Rfam is a database of non-coding RNA families in which each family is represented by a multiple sequence alignment, a consensus secondary structure, and a covariance model. Using a combination of manual and literature-based curation and a custom software pipeline, Rfam converts descriptions of RNA families found in the scientific literature into computational models that can be used to annotate RNAs belonging to those families in any DNA or RNA sequence.

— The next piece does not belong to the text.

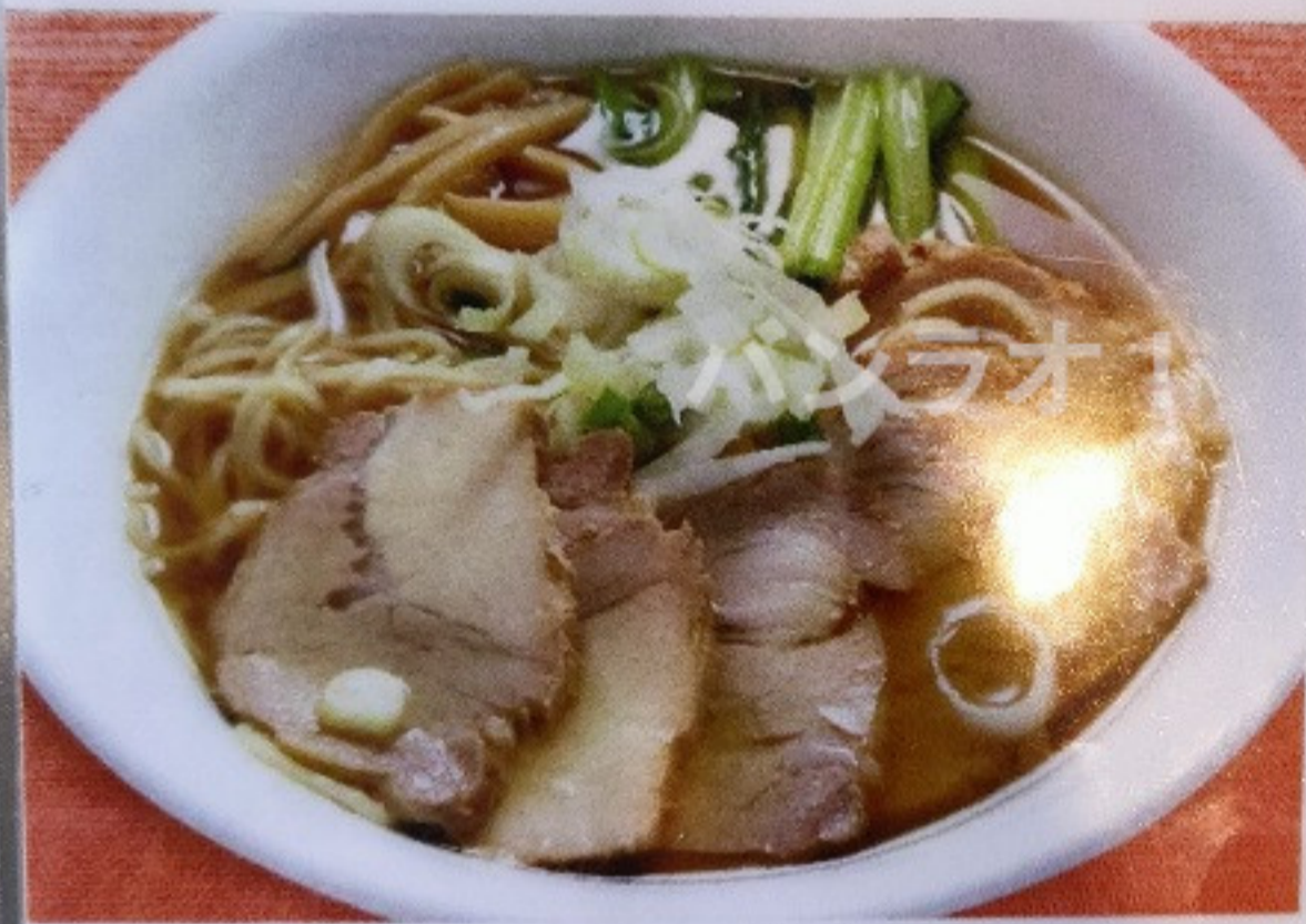
チャーシューメン CHASHUMEN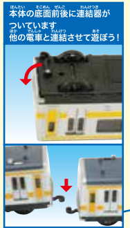
本体の底面前後に接続器がついています。他の電車と連結させて遊ぼう！

Valuable research outputs that are often locked up in figures and supplementary information files are encapsulated in Rfam entries and made accessible through the Rfam Web site. The data produced by Rfam have a broad application, from genome annotation to providing training sets for algorithm development. This article gives an overview of how to search and navigate the Rfam Web site, and how to annotate sequences with RNA families. The Rfam database is freely available at http://rfam.org. © 2018 by John Wiley & Sons, Inc.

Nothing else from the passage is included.